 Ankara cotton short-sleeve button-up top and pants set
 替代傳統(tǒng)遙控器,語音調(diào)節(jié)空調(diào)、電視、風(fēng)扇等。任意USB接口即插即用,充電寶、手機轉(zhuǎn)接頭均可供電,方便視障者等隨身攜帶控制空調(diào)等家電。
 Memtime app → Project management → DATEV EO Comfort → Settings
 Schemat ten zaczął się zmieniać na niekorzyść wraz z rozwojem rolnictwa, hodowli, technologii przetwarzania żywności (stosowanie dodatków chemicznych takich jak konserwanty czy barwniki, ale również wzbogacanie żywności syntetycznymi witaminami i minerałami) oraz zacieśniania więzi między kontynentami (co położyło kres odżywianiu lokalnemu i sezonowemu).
...
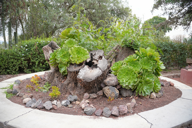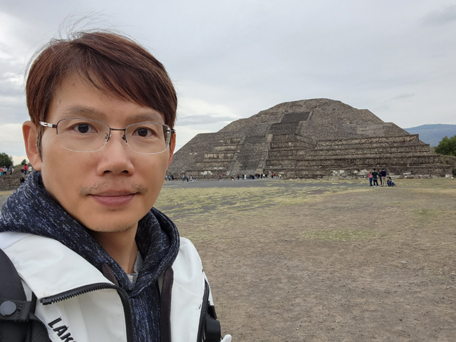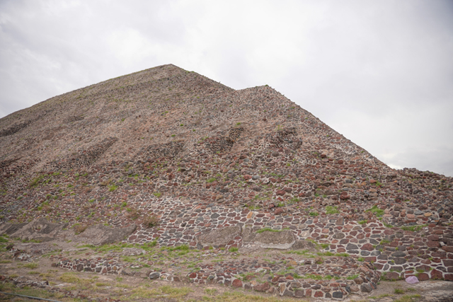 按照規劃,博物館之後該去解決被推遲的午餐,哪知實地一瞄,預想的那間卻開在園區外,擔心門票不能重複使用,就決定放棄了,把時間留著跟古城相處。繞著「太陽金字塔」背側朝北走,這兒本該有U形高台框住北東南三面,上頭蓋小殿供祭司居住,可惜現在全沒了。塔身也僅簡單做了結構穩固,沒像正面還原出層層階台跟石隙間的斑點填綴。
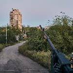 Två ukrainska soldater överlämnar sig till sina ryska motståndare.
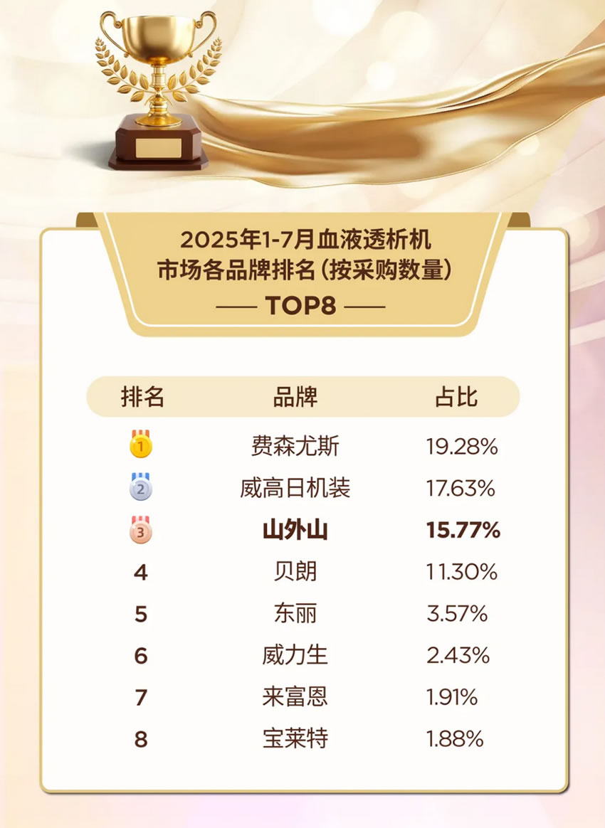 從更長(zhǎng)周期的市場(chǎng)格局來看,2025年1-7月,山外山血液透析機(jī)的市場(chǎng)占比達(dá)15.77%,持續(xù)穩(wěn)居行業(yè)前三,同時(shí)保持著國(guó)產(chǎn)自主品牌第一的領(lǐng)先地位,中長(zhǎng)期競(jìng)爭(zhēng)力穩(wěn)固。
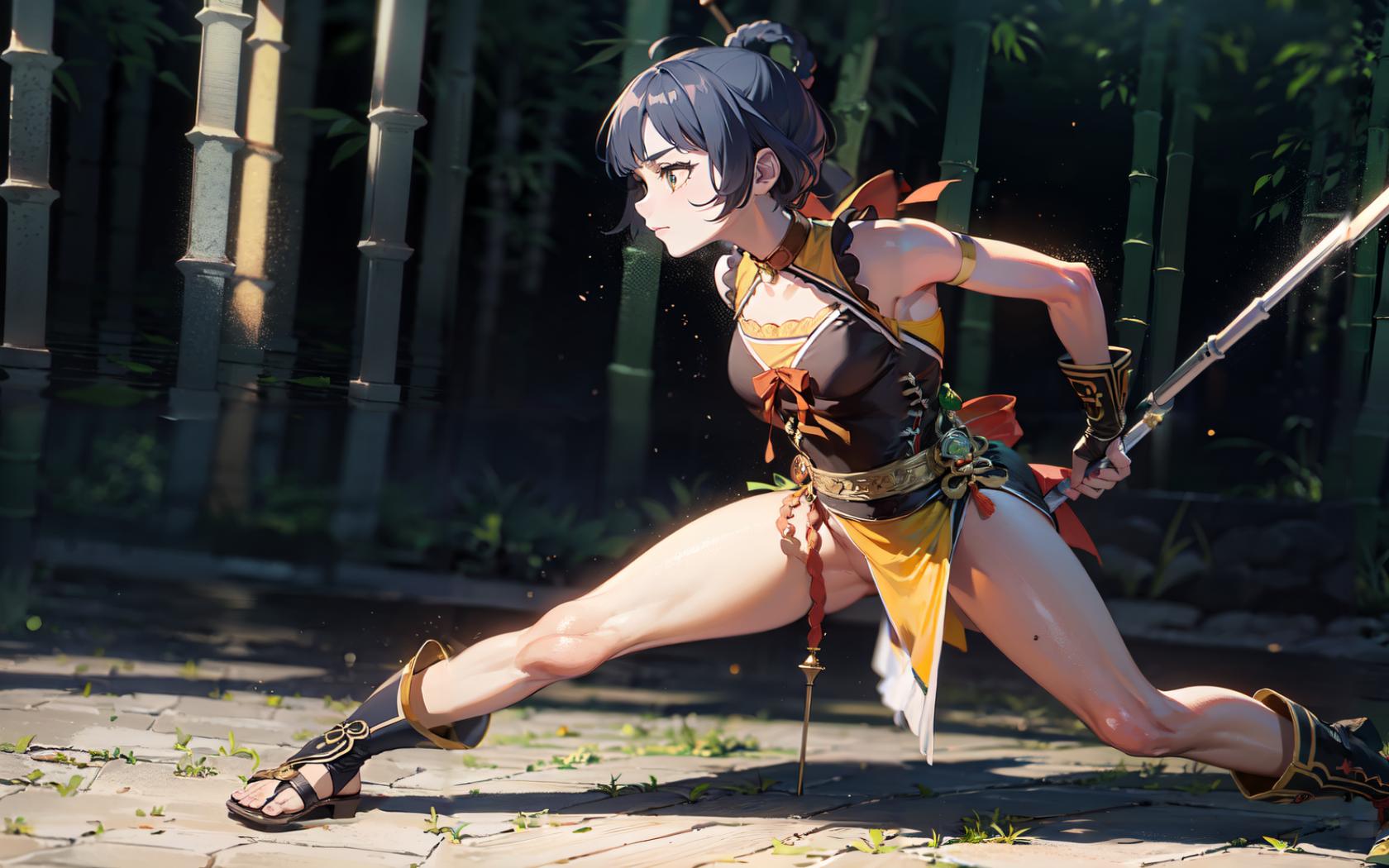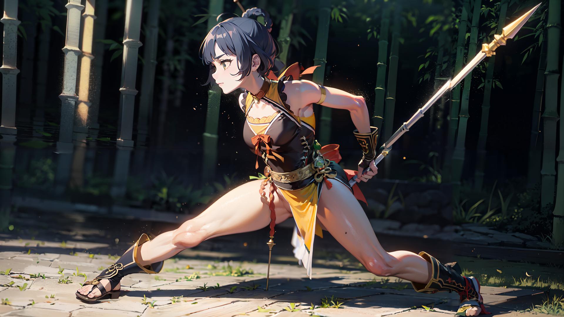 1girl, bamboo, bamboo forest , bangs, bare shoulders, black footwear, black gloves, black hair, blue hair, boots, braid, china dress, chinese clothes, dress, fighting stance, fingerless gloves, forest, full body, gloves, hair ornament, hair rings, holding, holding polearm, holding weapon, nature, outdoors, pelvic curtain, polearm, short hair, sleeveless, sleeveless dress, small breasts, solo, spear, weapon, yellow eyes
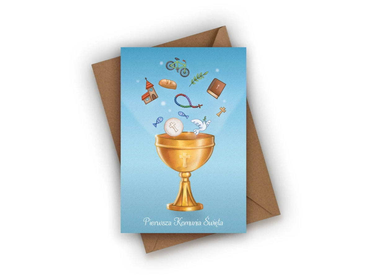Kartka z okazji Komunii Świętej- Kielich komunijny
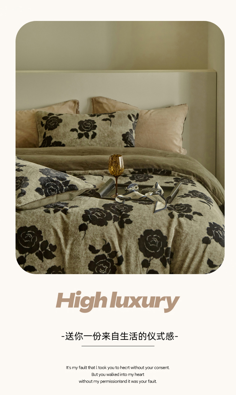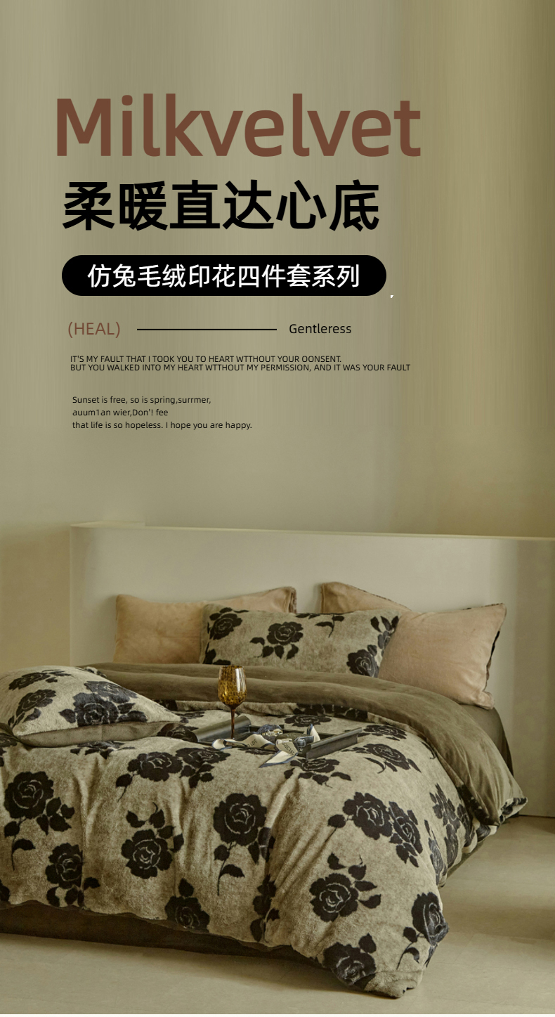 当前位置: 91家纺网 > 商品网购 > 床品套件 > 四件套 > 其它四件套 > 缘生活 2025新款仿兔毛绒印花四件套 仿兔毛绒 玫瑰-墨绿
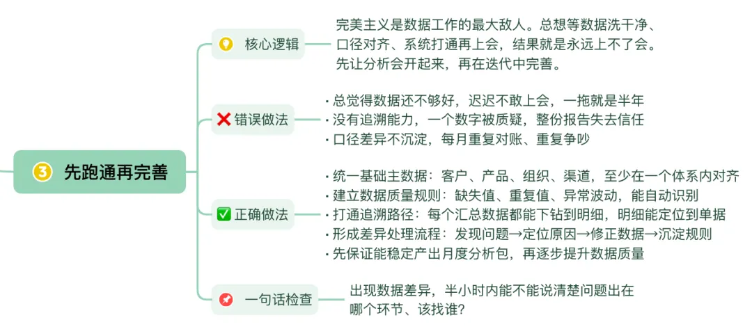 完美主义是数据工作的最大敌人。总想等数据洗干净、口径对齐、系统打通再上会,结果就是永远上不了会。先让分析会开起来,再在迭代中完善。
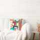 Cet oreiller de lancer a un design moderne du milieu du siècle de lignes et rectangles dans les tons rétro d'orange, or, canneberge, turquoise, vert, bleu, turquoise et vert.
* * *
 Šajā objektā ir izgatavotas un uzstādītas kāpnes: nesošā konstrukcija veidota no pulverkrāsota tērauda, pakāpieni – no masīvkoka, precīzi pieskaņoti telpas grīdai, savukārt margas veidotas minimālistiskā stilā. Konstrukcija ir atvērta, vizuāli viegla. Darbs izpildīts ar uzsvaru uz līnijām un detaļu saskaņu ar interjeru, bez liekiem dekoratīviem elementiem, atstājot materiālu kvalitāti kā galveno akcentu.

| PROBLEM REQUIREMENTS |
Give back the records above exactly, limited to the lines between the one holding "Ankara cotton short-sleeve" and the one holding "Schemat ten zaczął", inclusive.

| WRITTEN RESPONSE |
 Ankara cotton short-sleeve button-up top and pants set
 替代傳統(tǒng)遙控器,語音調(diào)節(jié)空調(diào)、電視、風(fēng)扇等。任意USB接口即插即用,充電寶、手機轉(zhuǎn)接頭均可供電,方便視障者等隨身攜帶控制空調(diào)等家電。
 Memtime app → Project management → DATEV EO Comfort → Settings
 Schemat ten zaczął się zmieniać na niekorzyść wraz z rozwojem rolnictwa, hodowli, technologii przetwarzania żywności (stosowanie dodatków chemicznych takich jak konserwanty czy barwniki, ale również wzbogacanie żywności syntetycznymi witaminami i minerałami) oraz zacieśniania więzi między kontynentami (co położyło kres odżywianiu lokalnemu i sezonowemu).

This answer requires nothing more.